Overall I think people do a pretty good job staying within most of the rules.  Even if they haven't read them, it is hard not to slowly become aware of some of them.  I laughed when I saw the thread posted and then slammed closed by Darkness.  Then I hit the thread to do my part to bump up the view count.


----------



## Michael Morris (Dec 26, 2004)

Y,know - some of the worst offenders have post counts in the thousands.  One of them is an admin.


----------



## Darkness (Dec 26, 2004)

Hello, Dyne.  The rules are here.


----------



## jester47 (Dec 26, 2004)

I don't mean to rip on low posters.  Thats definaitely not it.  And there are 1000+ posters that know better than to break rules.  But my point is that there is simply an ignorant demographic of people with less than 300 posts and join dates of the last 3 months.  This is not everyone that is causing problems, but it is fairly common for the violators to fit this demographic.  

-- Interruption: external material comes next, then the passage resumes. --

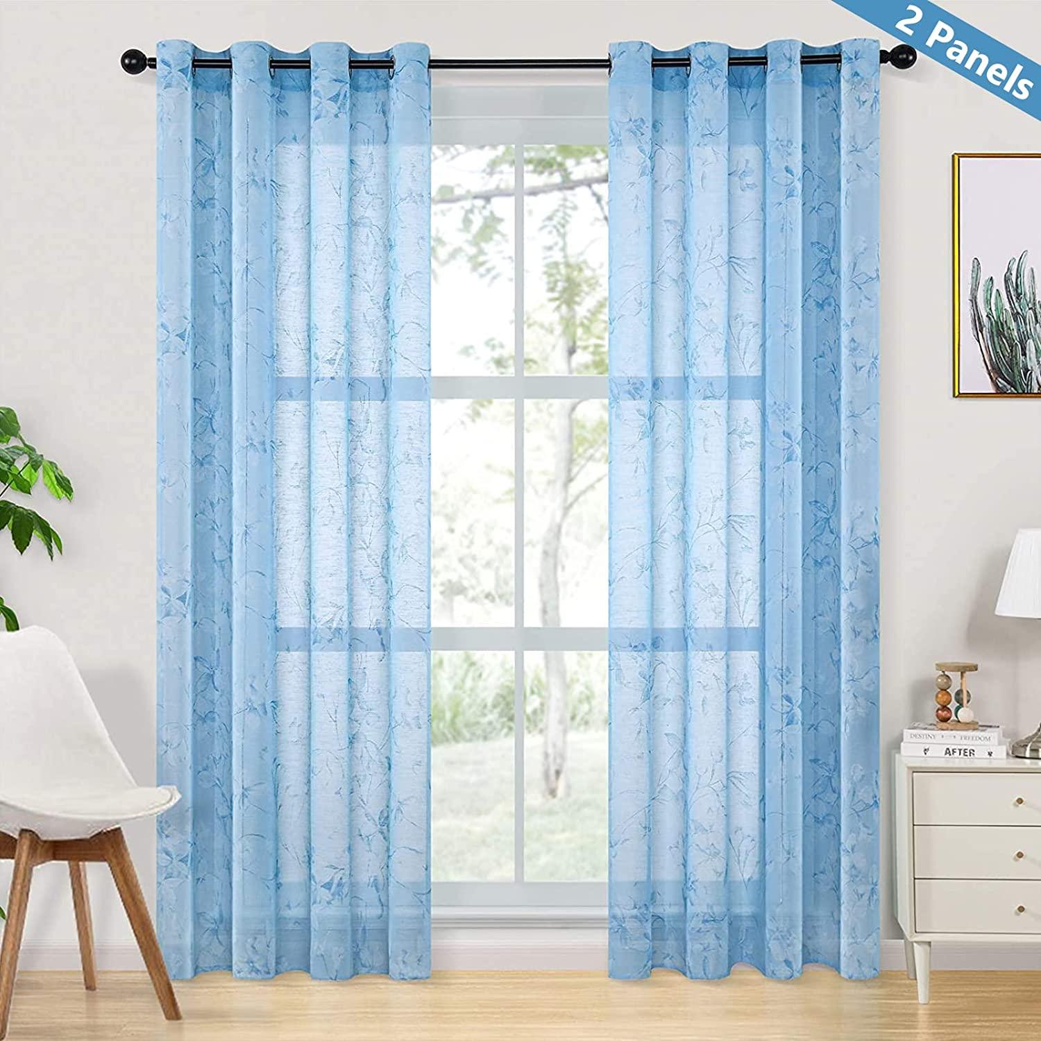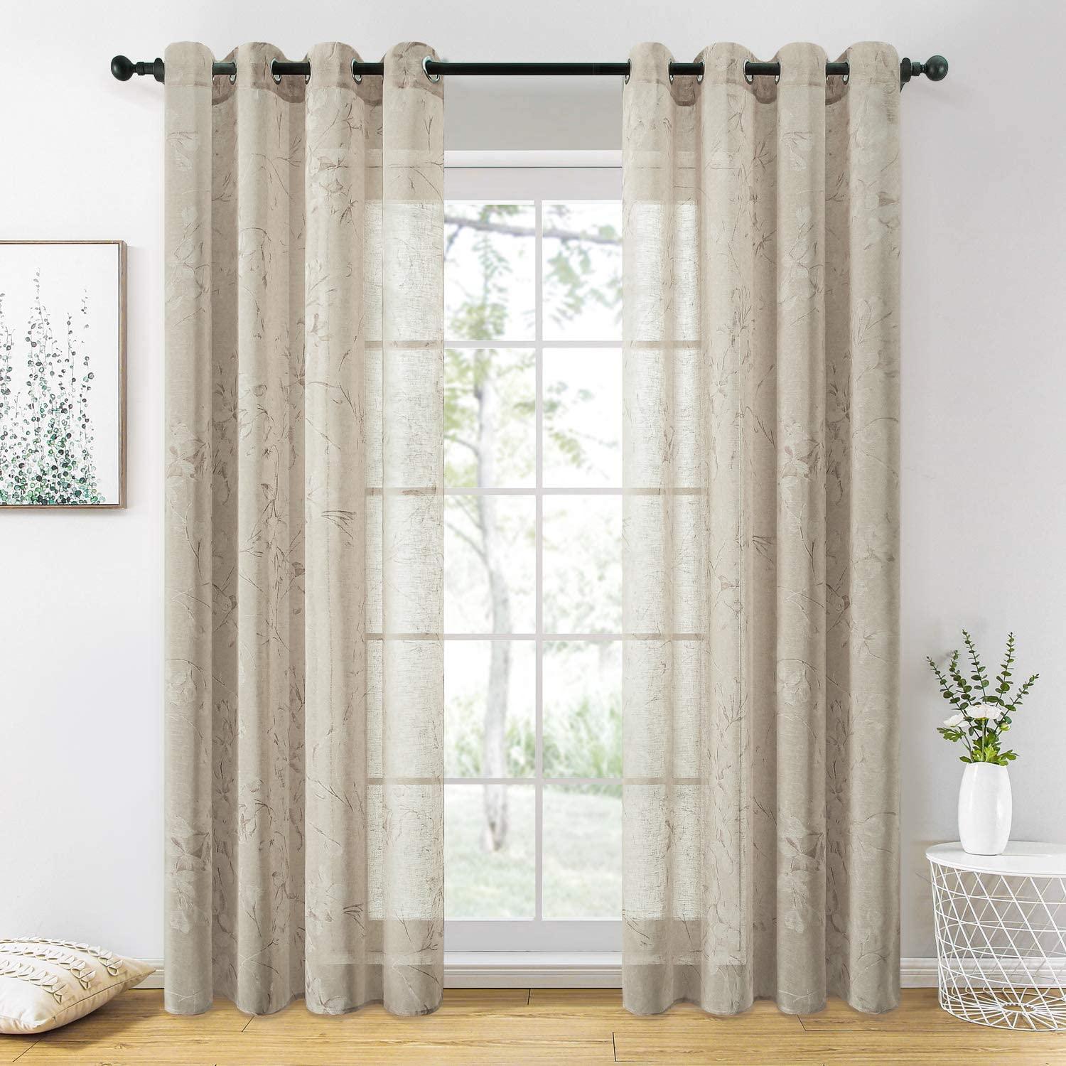 Topfinel panels Linen Textured Sheer Floral Curtains for Bedroom

I think there are some good suggestions in this thread!

Aaron.


----------



## Nightcloak (Dec 26, 2004)

jester47 said:
			
		

> I don't mean to rip on low posters.  Thats definaitely not it.  And there are 1000+ posters that know better than to break rules.  But my point is that there is simply an ignorant demographic of people with less than 300 posts and join dates of the last 3 months.  This is not everyone that is causing problems, but it is fairly common for the violators to fit this demographic.
> 
> I think there are some good suggestions in this thread!
> 
> Aaron.




It's good. Just teasing a bit. 

Us lurkers want to feel important  

In all seriousness. You were right. There are a lot of new posters lately and a rules review would not hurt anyone.


----------



## Ferret (Dec 27, 2004)

I agree, perhaps puting the rules all over the place would help. A Link just below the bar with 'Welcome, #Username#' on it, and one in in sight when posting new messages. Just so they can't be missed.


----------



## cybertalus (Dec 27, 2004)

Nightcloak said:
			
		

> a rules review would not hurt anyone.



No, but a rules quiz might.  Especially if people had to pass the quiz in order to post.


----------



## Allanon (Dec 28, 2004)

cybertalus said:
			
		

> No, but a rules quiz might.  Especially if people had to pass the quiz in order to post.



 Would there be bonus questions?
Could I win Mod rights by answering those questions? 

I favor the closed hot _naked_ elf chicks thread. For added incentive you could give it the same amount of views and PC's Story Hour


----------